Reardon relies on the lone outlier on the issue of whether a physician may be disciplined for private conduct absent evidence it actually impaired his or her medical practice. Grannis v. Board of Medical Examiners (1971) 19 Cal.App.3d 551 stated that a physician may be disciplined for private conduct only to the extent that it “makes the licensee unfit to practice his profession....” (Grannis, at p. 562.) Grannis examined the record for evidence showing that, “in fact, [the physician’s] use of alcoholic beverages was dangerous to the public.” (Watson, supra, 176 Cal.App.4th at p. 1422.) Grannis concluded that substantial evidence did support the Board’s disciplinary action against the physician, even though his alcoholism never actually “impaired his professional competency” (Grannis, at p. 556), because his alcoholism had “a direct relationship to good judgment, which in turn would have a direct relationship” on the quality of patient care he could render “if he had any alcohol whatsoever” (id. at p. 563). Similarly, in Reardon’s case, marijuana use can affect a physician’s judgment and quality of patient care. Indeed, although Reardon tries to trivialize the severity of a Health and Safety Code section 11357, subdivision (b) offense, because it involves possession of less than an ounce of marijuana, the evidence suggests he drove recklessly and veered out of his lane on the highway. And unlike Grannis, Watson, Griffiths, and Weissbuch, which all involved the Board’s revocation of a physician’s license, here the Board is at a preliminary investigational stage trying to determine whether a problem exists. (Grannis v. Board of Medical Examiners, supra, 19 Cal.App.3d at p. 554; Watson, supra, 176 Cal.App.4th at p. 1412; Griffiths, supra, 96 Cal.App.4th at p. 767; and Weissbuch v. Board of Medical Examiners, supra, 41 Cal.App.3d at pp. 926-927.) Grannis does not support Reardon’s claim the Board may not constitutionally investigate his possible use of marijuana.

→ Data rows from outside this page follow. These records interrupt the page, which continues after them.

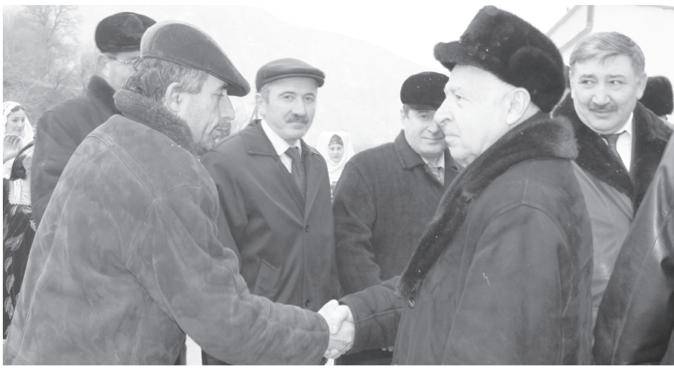
ВукIарав редактор Г.Г.Пумаханов М.Г.Палиевгун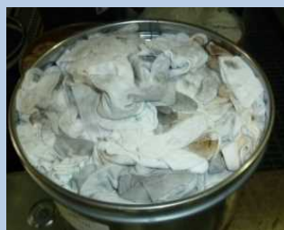
繊維くず（ウェス等）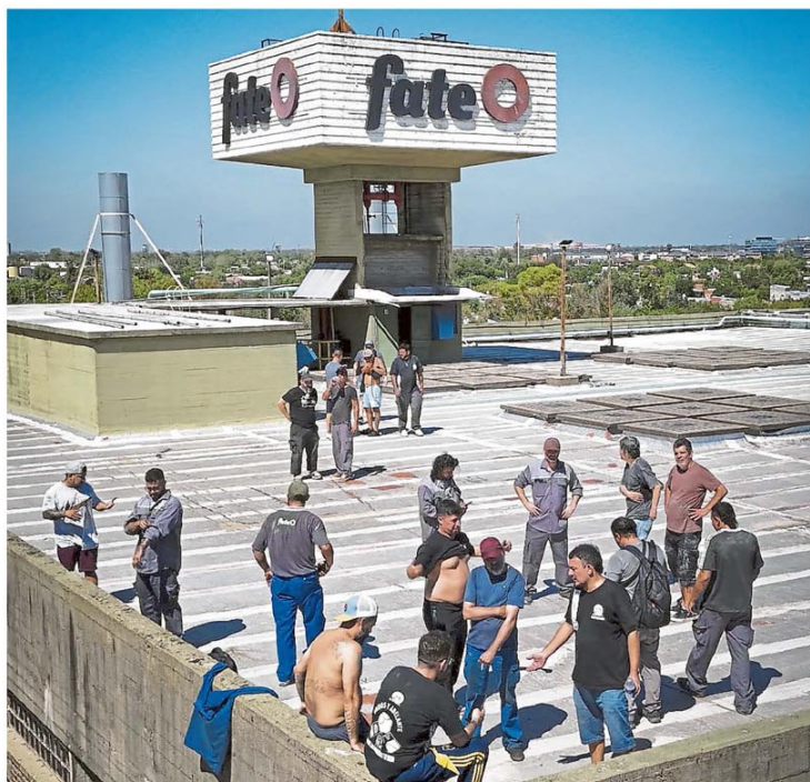
Parte de la comisión interna de la empresa protestaba ayer en el techo de la planta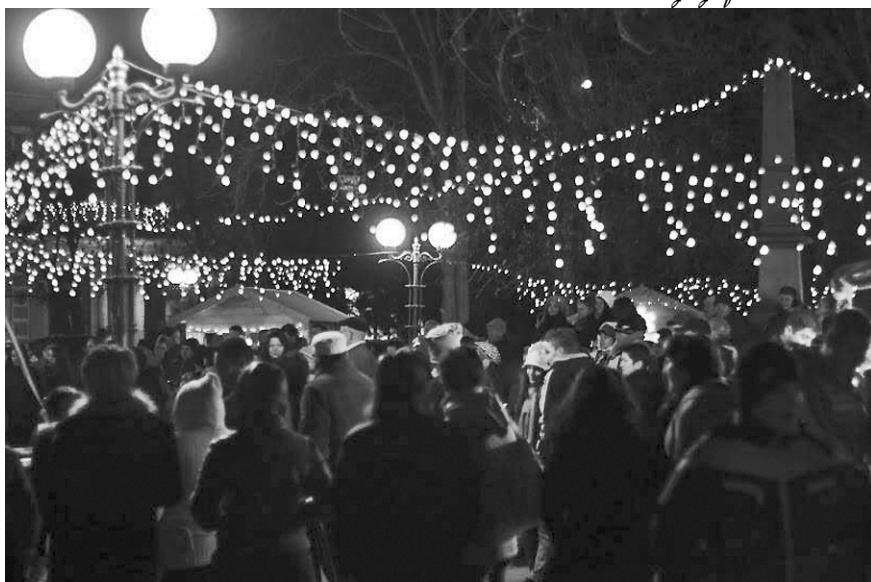
Ünnepi fények ragyogják be a vásári sokadalmat

Ünnepélyes keretek között köszöntötték az ötven éve Székely-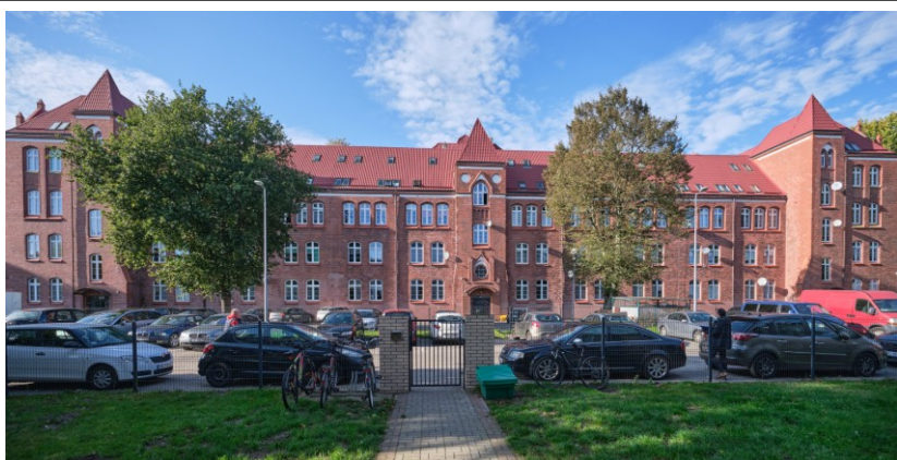
Elewacja pół.-wschodnia (podwórzowa)

7. Fotografia z opisem wskazującym orientację albo mapa z zaznaczonym stanowiskiem archeologicznym

Watson, supra, 176 Cal.App.4th at pages 1421-1422 criticizes Grannis, pointing out internal inconsistencies and a lack of analysis on the issue of whether the Legislature’s determination of unprofessional conduct satisfies the nexus requirement.
DISPOSITION
The judgment is affirmed. The Board shall recover its costs on appeal.
WE CONCUR: RYLAARSDAM, ACTING P. J., O’LEARY, J.
All statutory references are to the Business and Professions Code unless otherwise stated.